A verbatim copy of all the data is required; the pictures should not appear in it.
START Information supplied
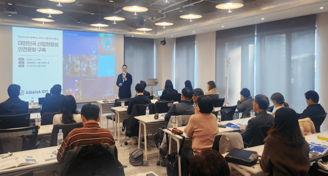아시아나IDT가 지난 11일 서울 종로구 본사에서 '플랜투두와 함께하는 산업안전세미나'를 개최했다. 이번 세미나에는 제조·건설 분야 고객사 및 관공서 등 관계자 40여 명이 참석했다.
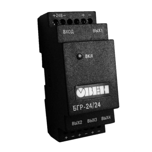 Блок гальванической развязки - БГР2(4)-24/24 - предназначен для питания оборудования нестабилизированным напряжением постоянного тока 24 В. БГР представлен в четырехканальном и двухканальном исполнениях и в зависимости от этого формирует 4 или 2 изолированных друг от друга выходных напряжения 24 В с нагрузочной способностью выходов не более 40 мА.
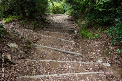 slope, staircase, green, wood, mountain, dirt, earth, forest, forest, route, climb, leaf, descend, hike, nature, landscape, japan, leisure, outdoors, open air, travel, descent, summer, fall, trail
END Information supplied
Result of the task.
아시아나IDT가 지난 11일 서울 종로구 본사에서 '플랜투두와 함께하는 산업안전세미나'를 개최했다. 이번 세미나에는 제조·건설 분야 고객사 및 관공서 등 관계자 40여 명이 참석했다.
 Блок гальванической развязки - БГР2(4)-24/24 - предназначен для питания оборудования нестабилизированным напряжением постоянного тока 24 В. БГР представлен в четырехканальном и двухканальном исполнениях и в зависимости от этого формирует 4 или 2 изолированных друг от друга выходных напряжения 24 В с нагрузочной способностью выходов не более 40 мА.
 slope, staircase, green, wood, mountain, dirt, earth, forest, forest, route, climb, leaf, descend, hike, nature, landscape, japan, leisure, outdoors, open air, travel, descent, summer, fall, trail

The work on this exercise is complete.